SSP1.8
Convener: Morten Hald | Co-conveners: Thibault de Garidel-Thoron, Fred Godtliebsen, Allison Hsiang, Marit-Solveig Seidenkrantz
Displays
| Attendance Mon, 04 May, 16:15–18:00 (CEST)

Microscopic analysis of sediment micro fractions requires skilled scientists and is a very time consuming and expensive process. As micro particles are diagnostic of paleoenvironments, sedimentological processes and time ranges (biostratigraphy), image recognition through machine learning holds great potential for automating the identification of microfossils, mineral grains, anthropogenic remnants (micro plastics), and other micro particles. Therefore, automatic image recognition and sorting is likely to render data acquisition more cost- and time-effective, not only increasing traceability and reproducibility but also further reducing identification errors.
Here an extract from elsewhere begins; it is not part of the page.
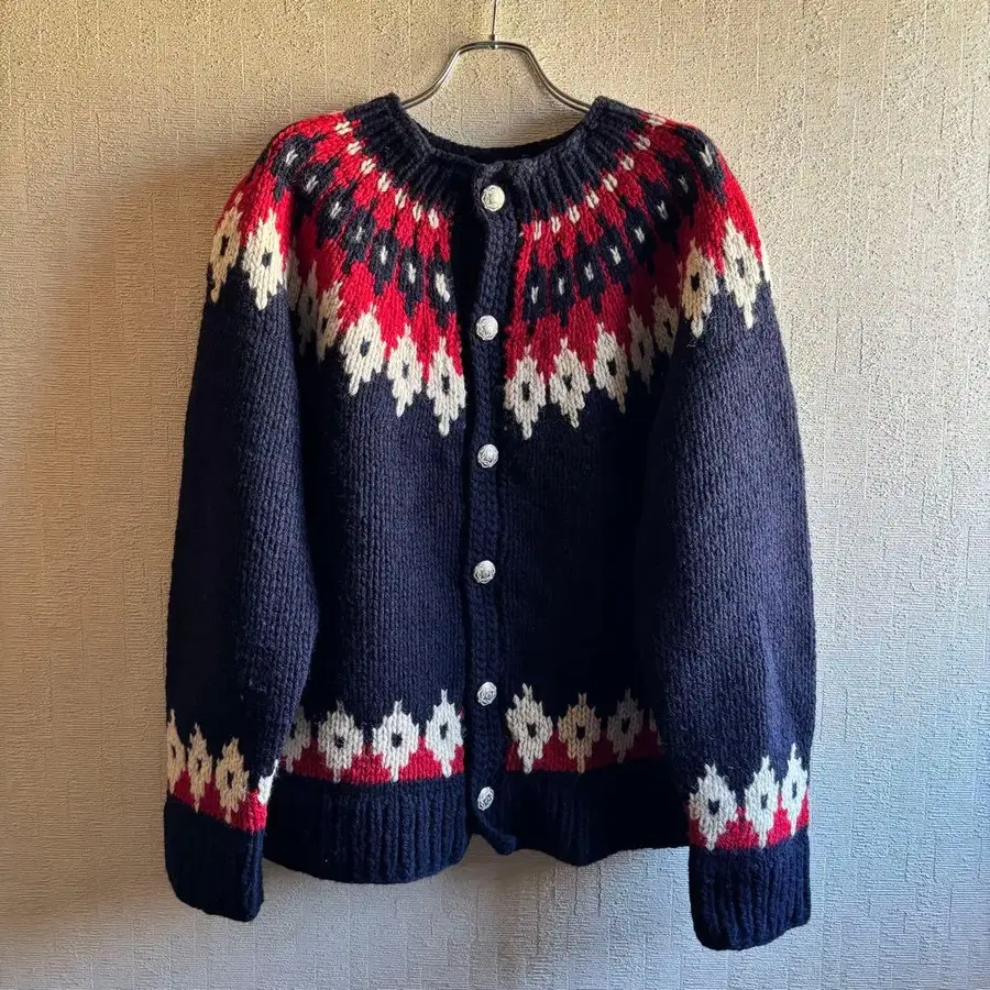 • 노르딕 무늬 코위찬 니트 집업 가디건 두꺼운 원단 구제 의류 M

The purpose of this session is to gather experts from the geoscientific, engineering, and deep learning communities who are collaborating to apply machine and deep learning techniques to microscopic analysis. Given the novelty of this technique, we encourage contributions addressing development in this field ¬¬– for example, production of training sets, laboratory and camera/video setups/designs, applied robotics, and algorithmic developments. We also welcome any geological studies applying machine learning and numerical approaches (including biometric studies) via image recognition of microscopic images.